(Stored data entries)
+++++

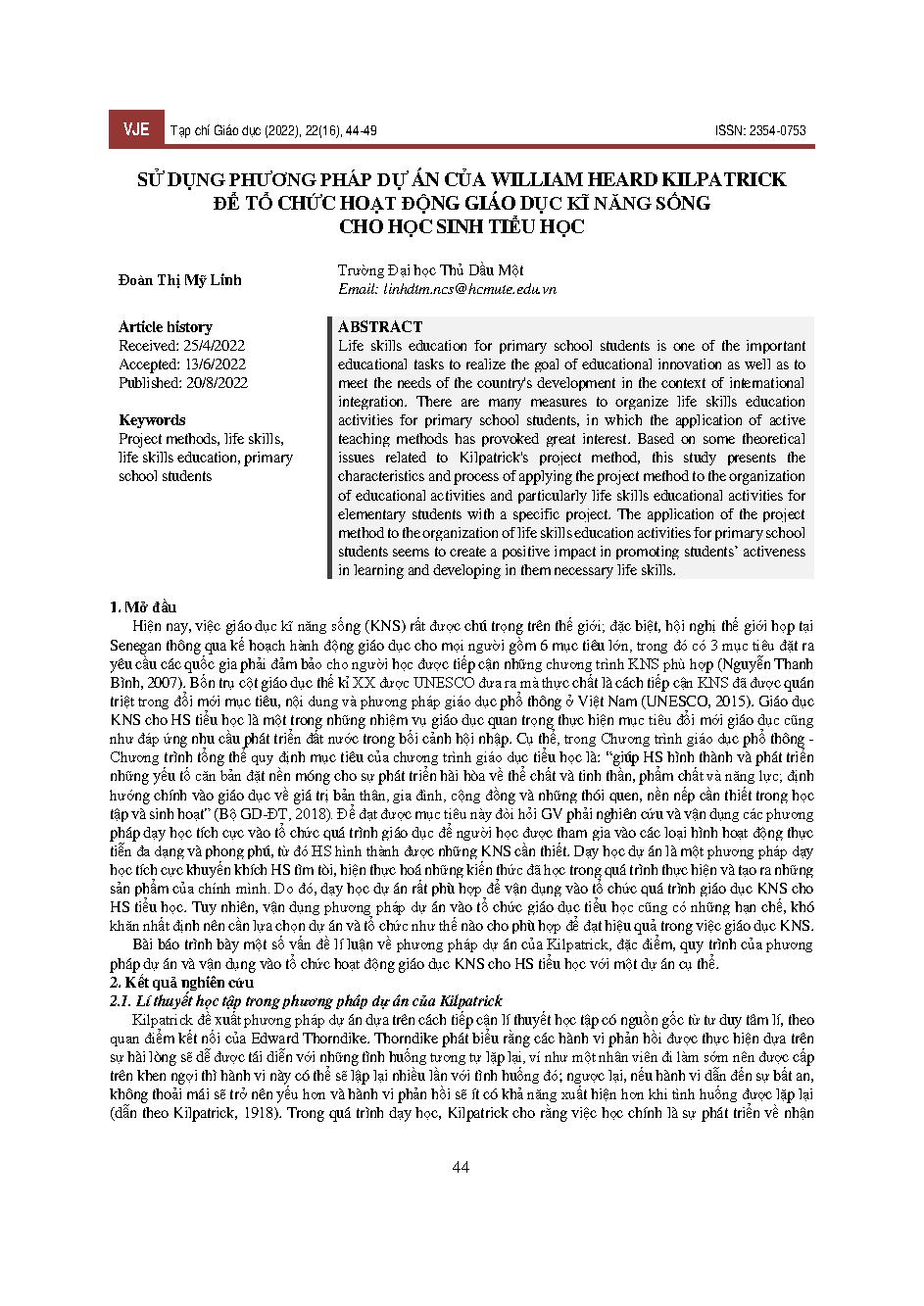 Sử dụng phương pháp dự án của william heard kilpatrick để tổ chức hoạt động giáo dục kĩ năng sống cho học sinh tiểu học = Using the project method of william heard kilpatrick to organize life skills education activities for primary school students
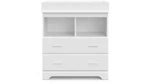 Premium "designer" accents, baby-changing functionality, and ample nursery storage are combined into one stunning package with our Brooks 2 drawer changing chest. This stylish & sturdy chest features a changing table topper that is designed to fit all standard-sized changing pads. In addition to the changing table topper, the Brooks changing chest features two spacious drawers (complete with euro-glide drawer tracks and durable steel hardware) and two open storage shelves. The Brooks sleek metal drawer handles add a premium, designer look and feel to your nursery. Crafted from durable engineered wood, the Brooks 2 drawer changing chest complies with all applicable ASTM International and CPSC safety standards. Also, the changing topper is JPMA Certified.
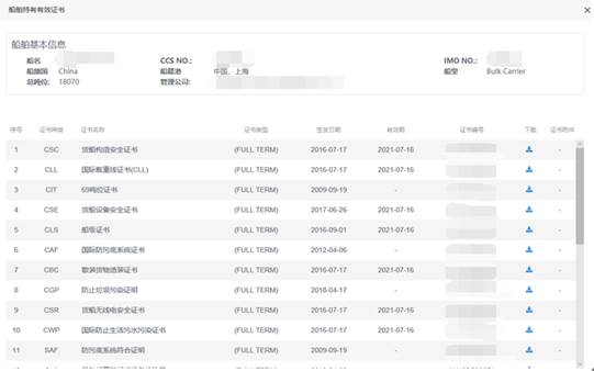 下侧列表显示船舶持有证书,点击下载图标可下载证书。
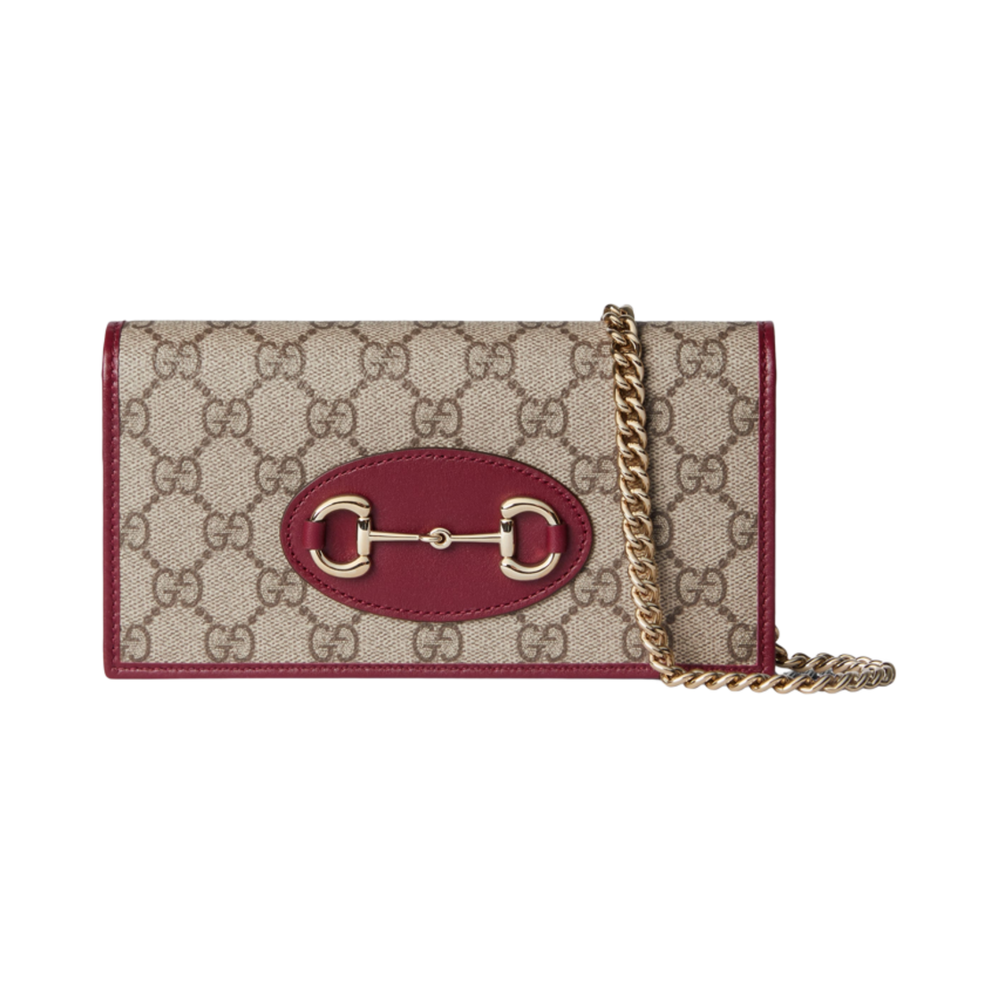 Gucci Horsebit 1955 Wallet with Chain Beige Ancora Red
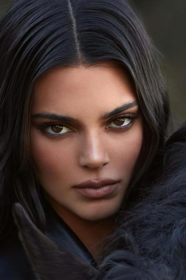 Wallpaper Long-haired girl model Kendall Jenner with a horse
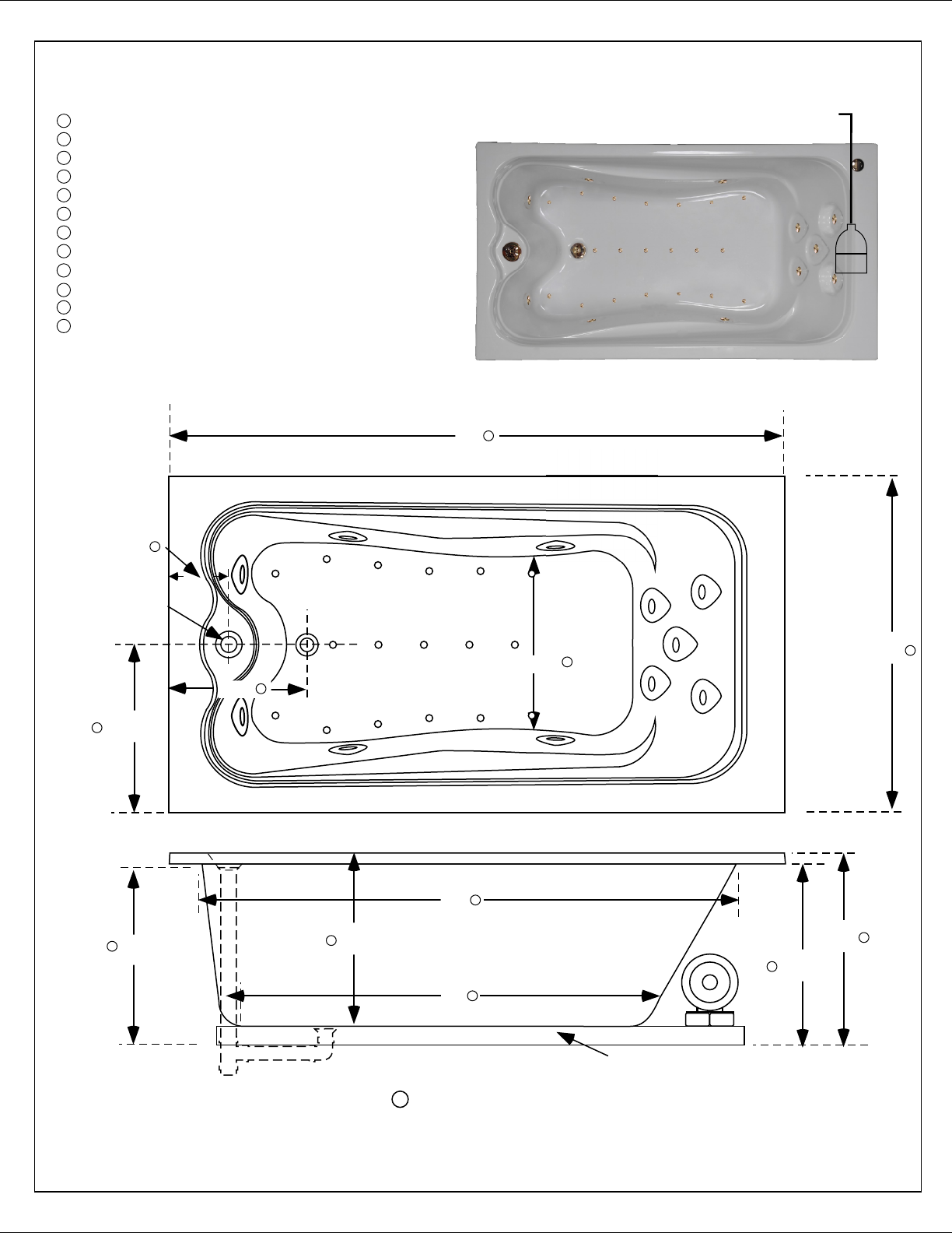 for this tub. Custom pump locations available - please call Watertech Whirlpool Baths for details. Measurements are plus or minus 1/2",
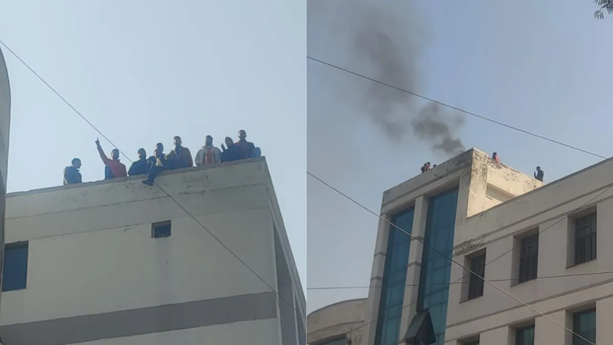 गढ़वाल विश्वविद्यालय में डीएसडब्ल्यू भवन की छत पर चढ़े आधा दर्जन से अधिक छात्र, कुलपति का फूंका पुतला
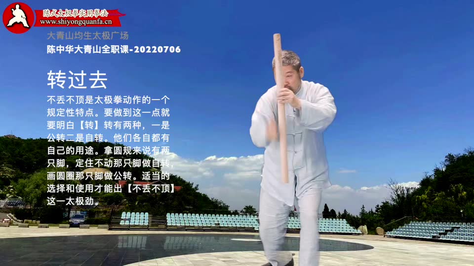 转过去-陈中华大青山全职课-20220706。不丢不顶是太极拳动作的一个规定性特点。要做到这一点就要明白【转】转有两种,一是公转二是自转。他们各自都有自己的用途。拿圆规来说有两只脚,定住不动那只脚做自转,画圆圈那只脚做公转。适当的选择和使用才能出【不丢不顶】这一太极劲。
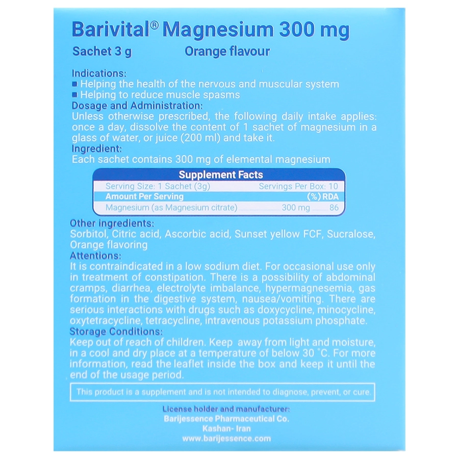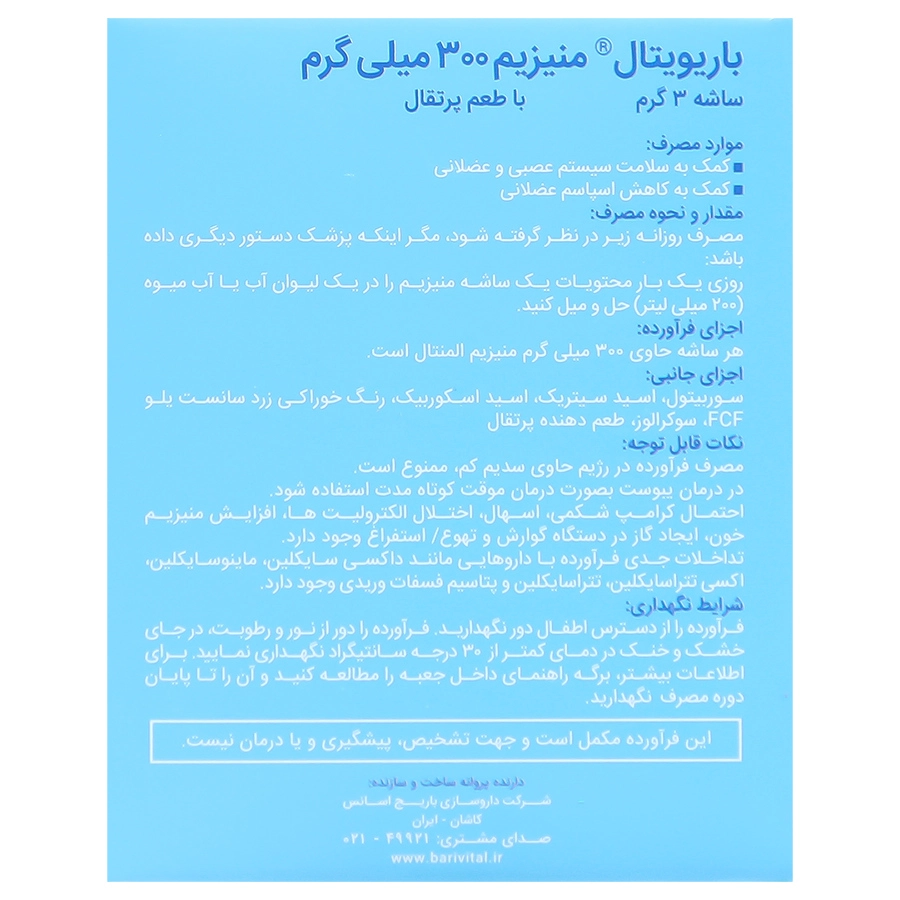 پودر منیزیم 300 میلی گرم باریویتال 10 ساشه
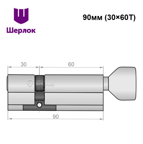 Циліндр SHERLOCK HK 90T (30*60T) нікель сатин
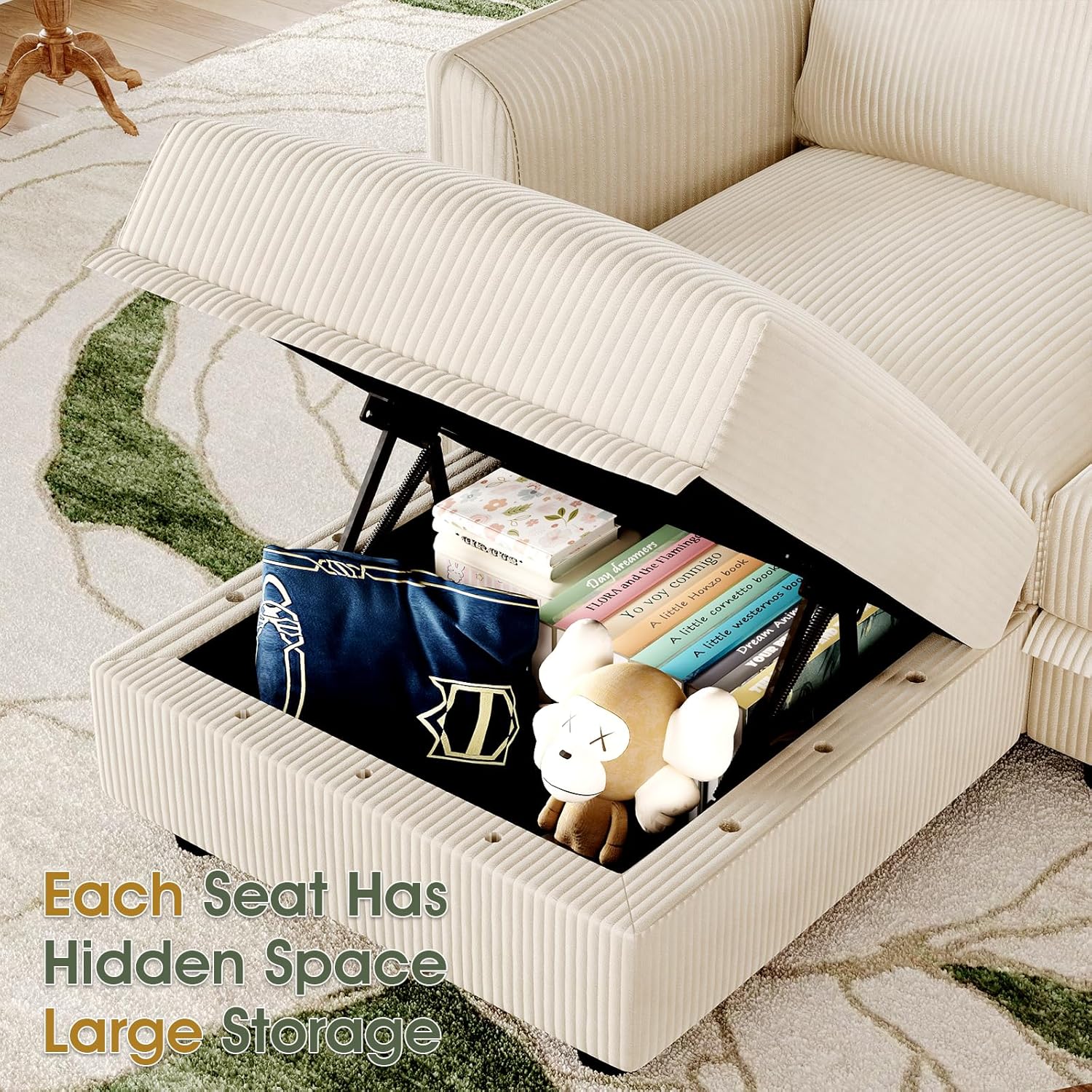- Hidden Storage Space: Every seat includes a spacious hidden storage compartment (20.5" x 20.5" x 6.3"), perfect for storing blankets, pillows, board games, decorations, and more. Keep your living space organized and clutter-free while maximizing functionality
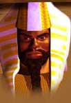 The Wizard lives in the Desert Realm. His weapon is a Staff. He is
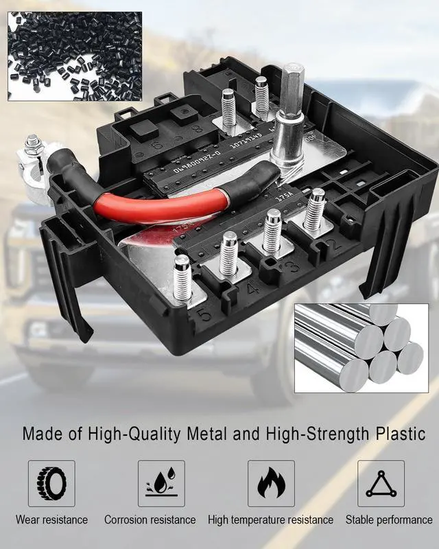 High-Quality Materials: Battery distribution engine compartment fuse block is made of high-quality metal and high-strength plastic, which is sturdy and durable, effectively preventing wear and corrosion, ensuring long-term and stable operation of the battery distribution fuse box, and perfectly replacing old cables
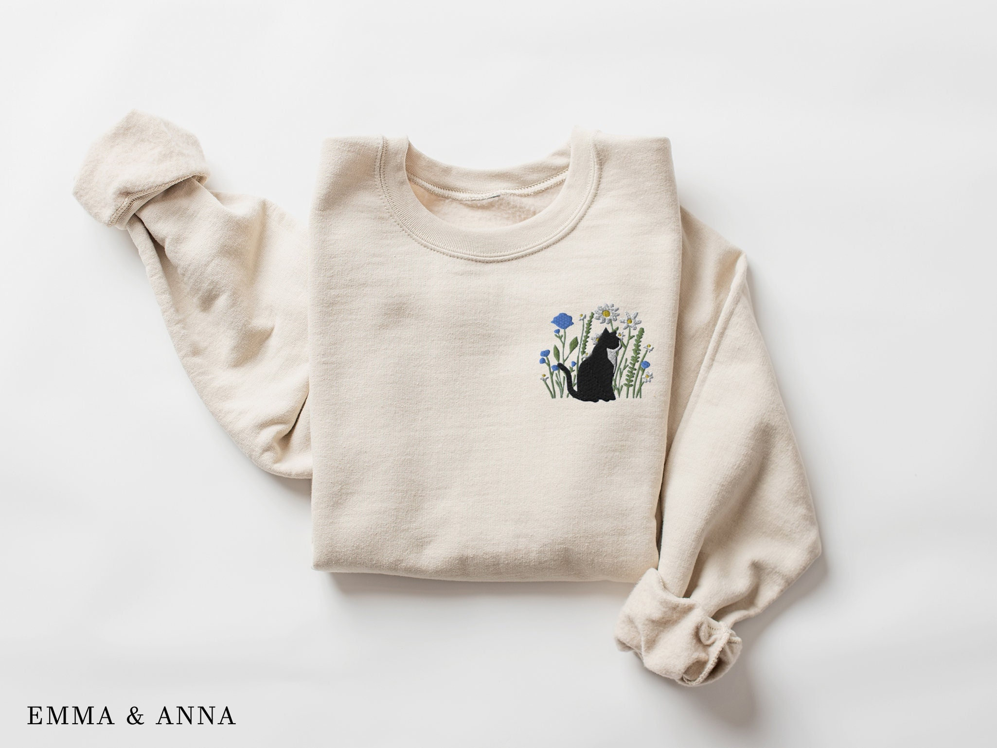 Felpa gatto ricamata, felpa girocollo gatto, maglione gatto, camici...
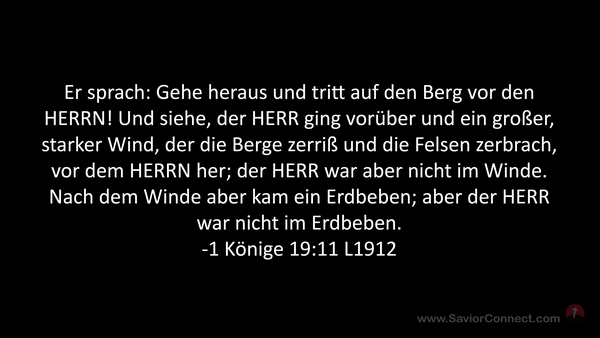 Er sprach: Gehe heraus und tritt auf den Berg vor den HERRN! Und siehe, der HERR ging vorüber und ein großer, starker Wind, der die Berge zerriß und die Felsen zerbrach, vor dem HERRN her; der HERR war aber nicht im Winde. Nach dem Winde aber kam ein Erdbeben; aber der HERR war nicht im Erdbeben. -1 Könige 19:11 L1912
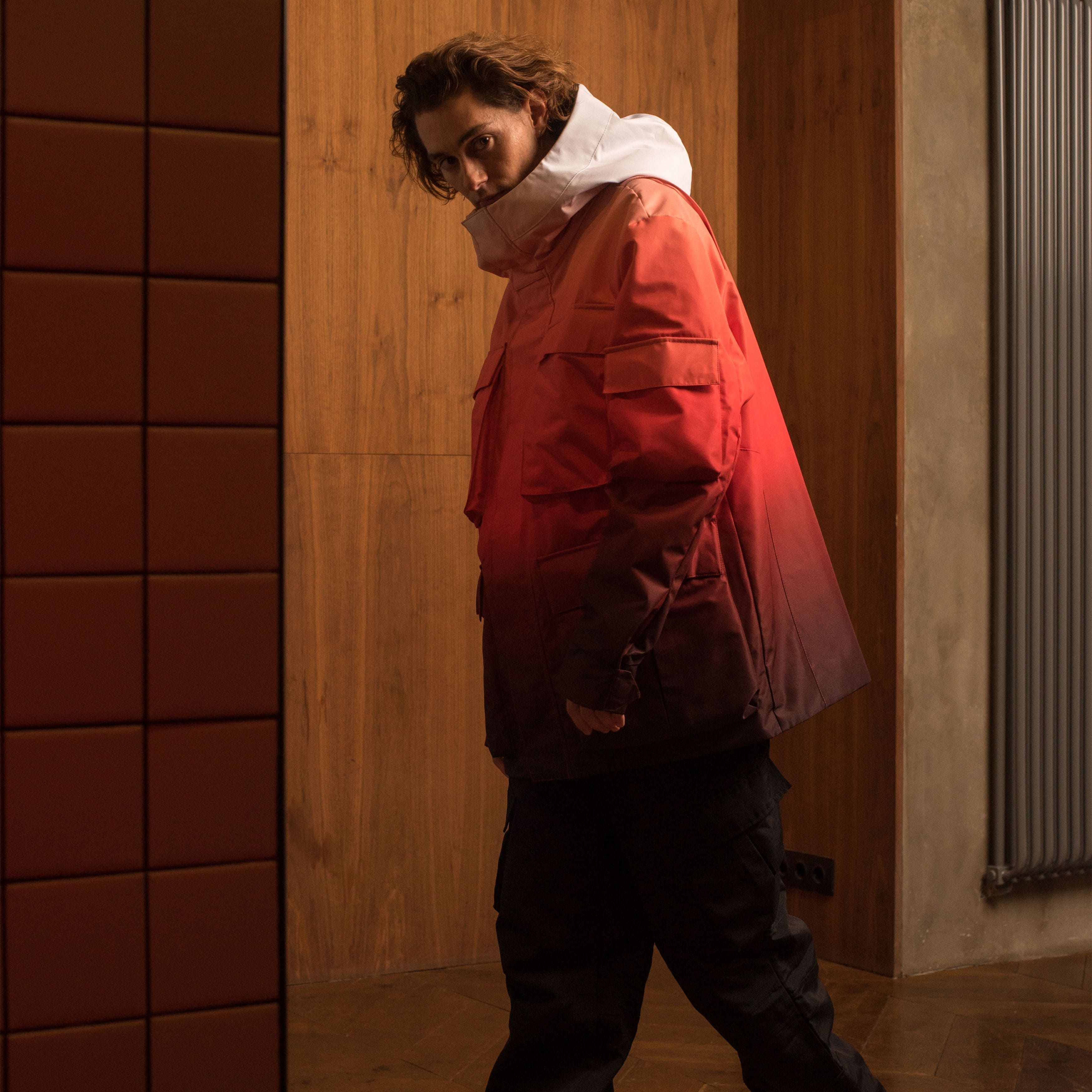 Die Jacke ist in zwei Farben erhältlich: einem Stoffmix in verschiedenen Khaki-Tönen und der Farbverlaufversion in den Farben des Mars. Lockere, weite Silhouette mit langem Ansatz. Starke Markengarnitur, Metallreißverschluss. Dreilagiges Membrangewebe mit 3D-Ripstop-Netzmuster. Frostbeständig bis -30°C - widersteht kurzzeitigem Eintauchen ins Wasser. Ultradünne Dämmung. Schutz vor Regen und Wind.

+++++

Skip every image and output the remaining records exactly.

 Sử dụng phương pháp dự án của william heard kilpatrick để tổ chức hoạt động giáo dục kĩ năng sống cho học sinh tiểu học = Using the project method of william heard kilpatrick to organize life skills education activities for primary school students
 Premium "designer" accents, baby-changing functionality, and ample nursery storage are combined into one stunning package with our Brooks 2 drawer changing chest. This stylish & sturdy chest features a changing table topper that is designed to fit all standard-sized changing pads. In addition to the changing table topper, the Brooks changing chest features two spacious drawers (complete with euro-glide drawer tracks and durable steel hardware) and two open storage shelves. The Brooks sleek metal drawer handles add a premium, designer look and feel to your nursery. Crafted from durable engineered wood, the Brooks 2 drawer changing chest complies with all applicable ASTM International and CPSC safety standards. Also, the changing topper is JPMA Certified.
 下侧列表显示船舶持有证书,点击下载图标可下载证书。
 Gucci Horsebit 1955 Wallet with Chain Beige Ancora Red
 Wallpaper Long-haired girl model Kendall Jenner with a horse
 for this tub. Custom pump locations available - please call Watertech Whirlpool Baths for details. Measurements are plus or minus 1/2",
 गढ़वाल विश्वविद्यालय में डीएसडब्ल्यू भवन की छत पर चढ़े आधा दर्जन से अधिक छात्र, कुलपति का फूंका पुतला
 转过去-陈中华大青山全职课-20220706。不丢不顶是太极拳动作的一个规定性特点。要做到这一点就要明白【转】转有两种,一是公转二是自转。他们各自都有自己的用途。拿圆规来说有两只脚,定住不动那只脚做自转,画圆圈那只脚做公转。适当的选择和使用才能出【不丢不顶】这一太极劲。
 پودر منیزیم 300 میلی گرم باریویتال 10 ساشه
 Циліндр SHERLOCK HK 90T (30*60T) нікель сатин
- Hidden Storage Space: Every seat includes a spacious hidden storage compartment (20.5" x 20.5" x 6.3"), perfect for storing blankets, pillows, board games, decorations, and more. Keep your living space organized and clutter-free while maximizing functionality
 The Wizard lives in the Desert Realm. His weapon is a Staff. He is
 High-Quality Materials: Battery distribution engine compartment fuse block is made of high-quality metal and high-strength plastic, which is sturdy and durable, effectively preventing wear and corrosion, ensuring long-term and stable operation of the battery distribution fuse box, and perfectly replacing old cables
 Felpa gatto ricamata, felpa girocollo gatto, maglione gatto, camici...
 Er sprach: Gehe heraus und tritt auf den Berg vor den HERRN! Und siehe, der HERR ging vorüber und ein großer, starker Wind, der die Berge zerriß und die Felsen zerbrach, vor dem HERRN her; der HERR war aber nicht im Winde. Nach dem Winde aber kam ein Erdbeben; aber der HERR war nicht im Erdbeben. -1 Könige 19:11 L1912
 Die Jacke ist in zwei Farben erhältlich: einem Stoffmix in verschiedenen Khaki-Tönen und der Farbverlaufversion in den Farben des Mars. Lockere, weite Silhouette mit langem Ansatz. Starke Markengarnitur, Metallreißverschluss. Dreilagiges Membrangewebe mit 3D-Ripstop-Netzmuster. Frostbeständig bis -30°C - widersteht kurzzeitigem Eintauchen ins Wasser. Ultradünne Dämmung. Schutz vor Regen und Wind.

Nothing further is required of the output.